- Location: Northern Territory, Ghan
- Coordinates: 24°18′15″S 132°41′20″E﻿ / ﻿24.30417°S 132.68889°E
- Area: 1.29 km^{2} (0.50 sq mi)
- Established: 1969
- Governing body: Parks and Wildlife Commission of the Northern Territory

= Illamurta Springs Conservation Reserve =

Protected area in the Northern Territory, Australia

Illamurta Springs Conservation Reserve is a protected area in the Northern Territory of Australia in the locality of Ghan about 42 km south of Hermannsburg and 140 km west of Alice Springs. The southern foothills of the James Range and the permanent spring from which the reserve takes its name are found within the reserve.
==History==
The area is significant to the Western Arrente peoples and is part of the Kunnea Snake Dreamtime. The Arrente have occupied the region for thousands of years with artefacts such as grindstones being found in and around the reserve.

The first European to visit was Ernest Giles who explored the area in 1874, the first settlers and cattle stations were established nearly a decade later.

The site includes the ruins of the Illamurta Springs Police Station which was established in 1893 and operated until 1912. The police station was built to combat Aboriginal resistance against pastoralists in the area, mostly by spearing cattle.

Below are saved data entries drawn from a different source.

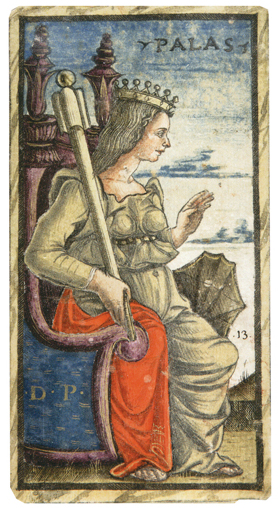 The card "Palais" from the Sola-Busca Tarot Deck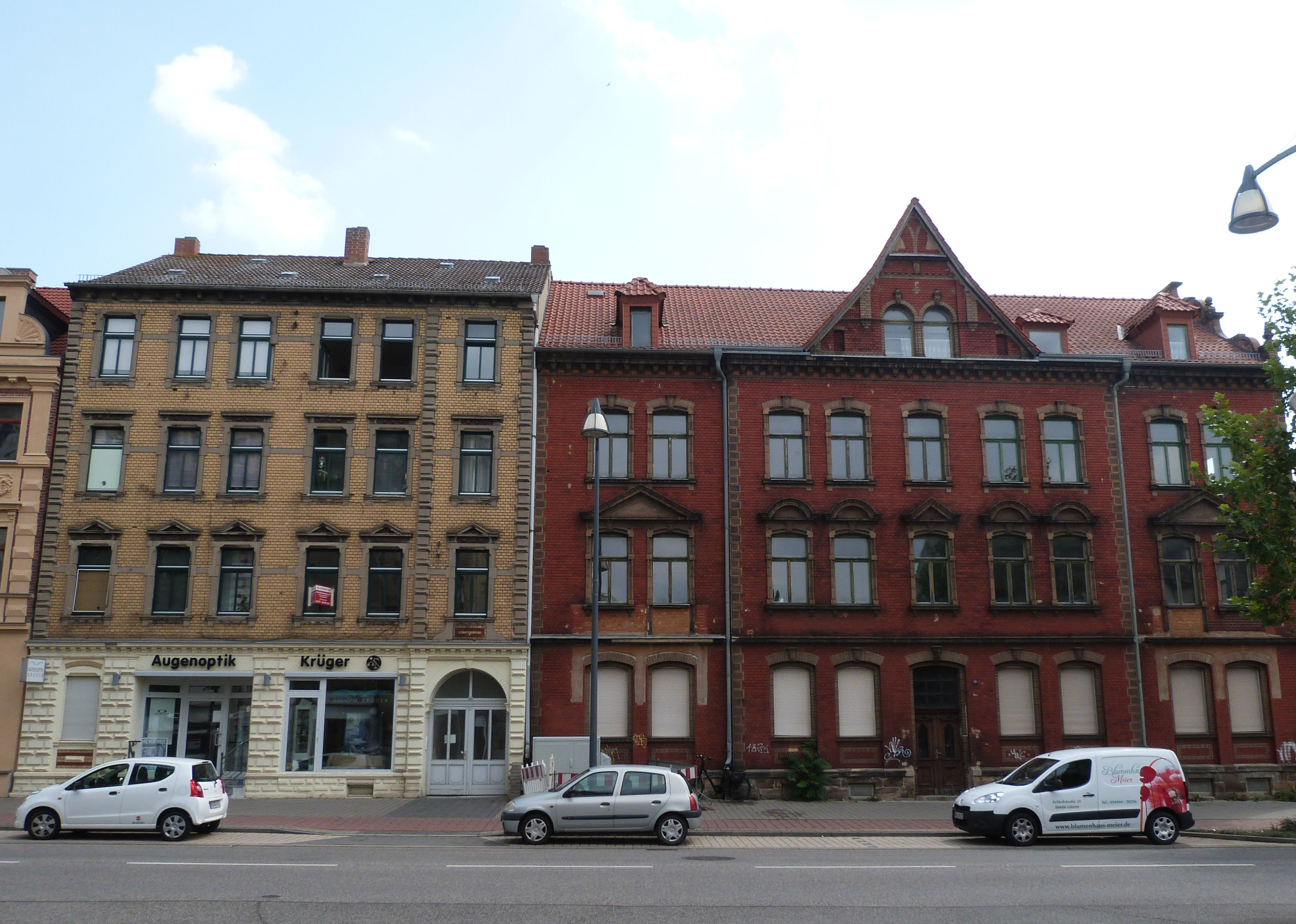 Houses No. 21 and 23, Merseburger Strasse, Weissenfels, Saxony-Anhalt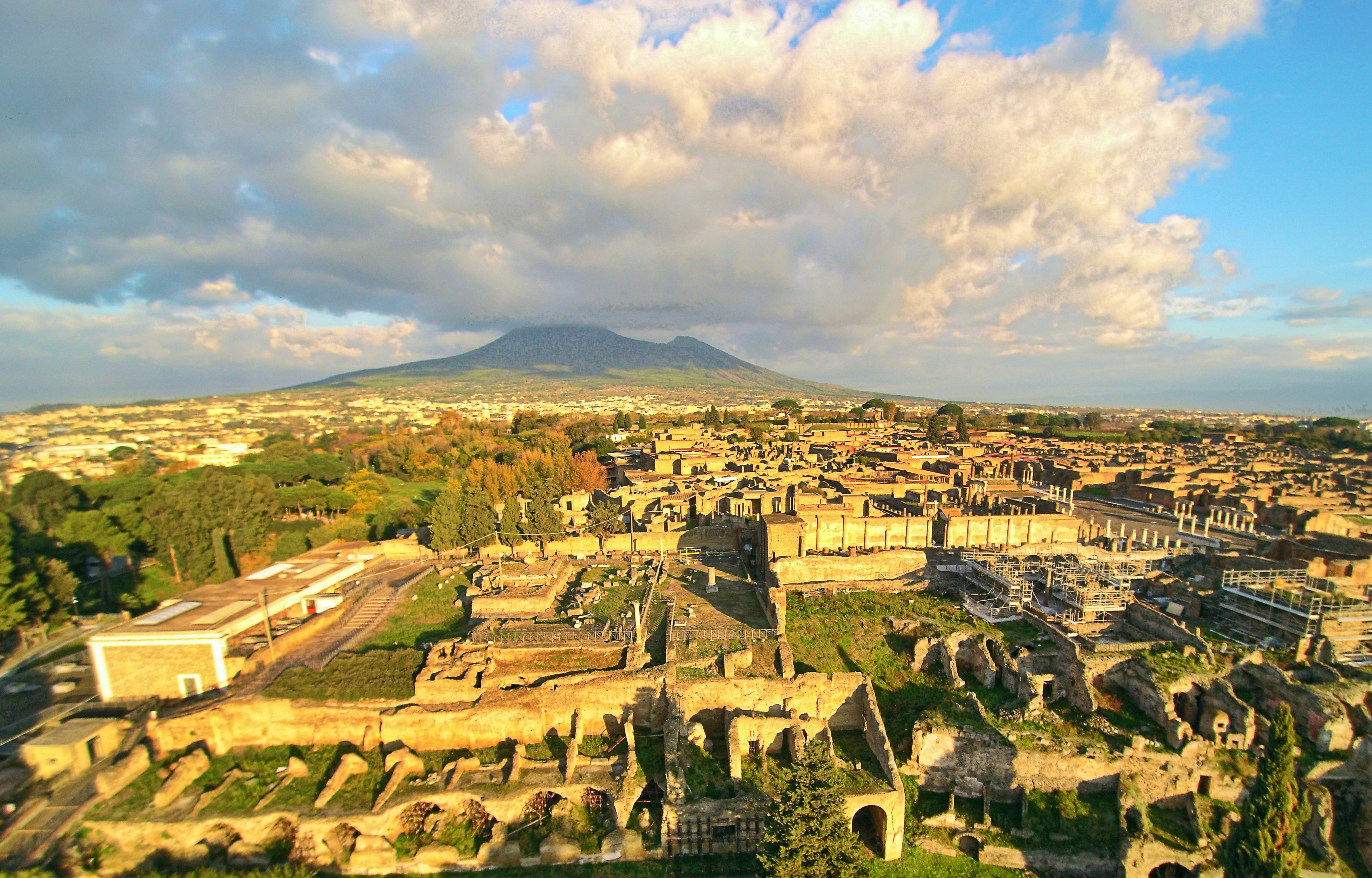 Ruins of Pompeii seen from the above with a drone, with the Vesuvius in the background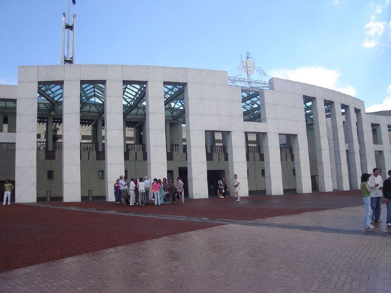 Canberra Parliament House, ACT - Australia Copyright: Australia Photos - Images may be used providing credit is given to .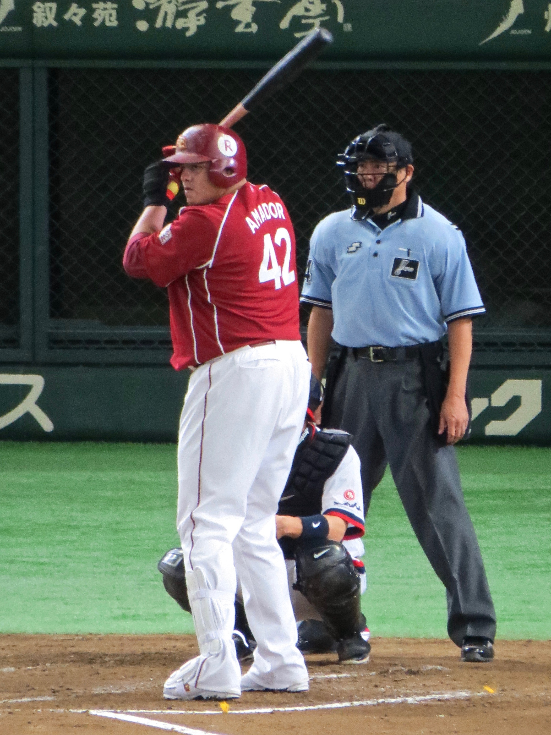 Japhet Amador (left), infielder of the Tohoku Rakuten Golden Eagles, and Kazuhiro Kobayashi, plate umpire, at Tokyo Dome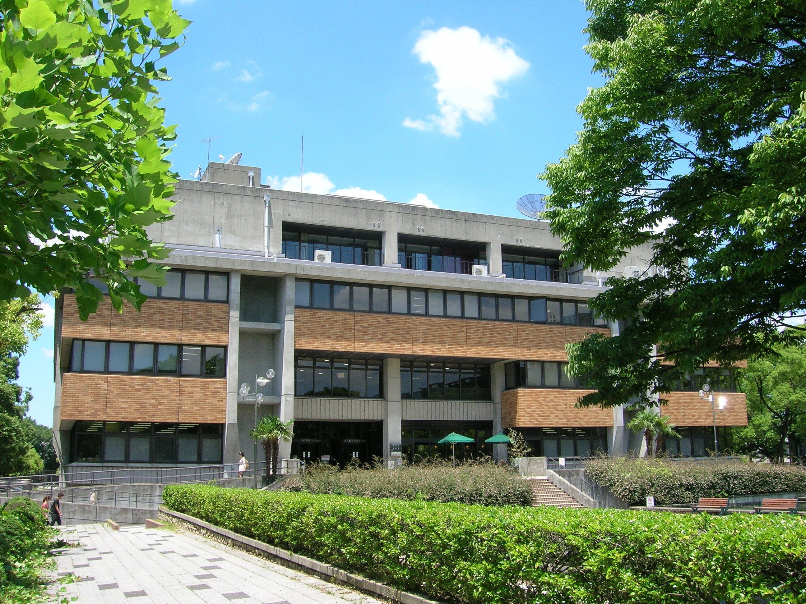 Nagoya Daigaku fuzoku Toshokan, Chuô Toshokan (Nagoya University Library, central library.) Loc: Chikusa-ku, Nagoya city, Aichi prefecture, Japan. 名古屋大学附属図書館・中央図書館（東山キャンパス）

Once spearing stock stopped the police station was used as an administration centre for the distribution of rations to Aboriginal people.

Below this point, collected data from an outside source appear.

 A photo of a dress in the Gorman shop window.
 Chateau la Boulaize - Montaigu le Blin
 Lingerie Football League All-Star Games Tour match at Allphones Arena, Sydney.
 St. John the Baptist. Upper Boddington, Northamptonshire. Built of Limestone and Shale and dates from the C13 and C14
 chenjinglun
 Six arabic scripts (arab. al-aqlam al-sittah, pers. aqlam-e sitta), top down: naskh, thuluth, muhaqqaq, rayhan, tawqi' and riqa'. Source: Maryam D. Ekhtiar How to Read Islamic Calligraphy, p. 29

Mounted Constable Ernest Cowle led the younger members of the Horn Expedition across the Lake Amadeus saltpan to Uluru and then return across the McDonnell Ranges in 1894. He became friends with Walter Baldwin Spencer at this time, and later, when serving at Illumurta Springs, collaborated with Spencer and Frank Gillen on their famous work The Native Tribes of Central Australia (1899). This work was later described by John Mulvaney, considered the "father of Australian archaeology", as one of Australia's most influential books in the history of ideas", and he gave much credit to Cowle and also Paddy Byrne, telegraphist at Charlotte Waters.

The conservation reserve was listed on the now-defunct Register of the National Estate in 1980 and listed on the Northern Territory Heritage Register on 14 September 1994.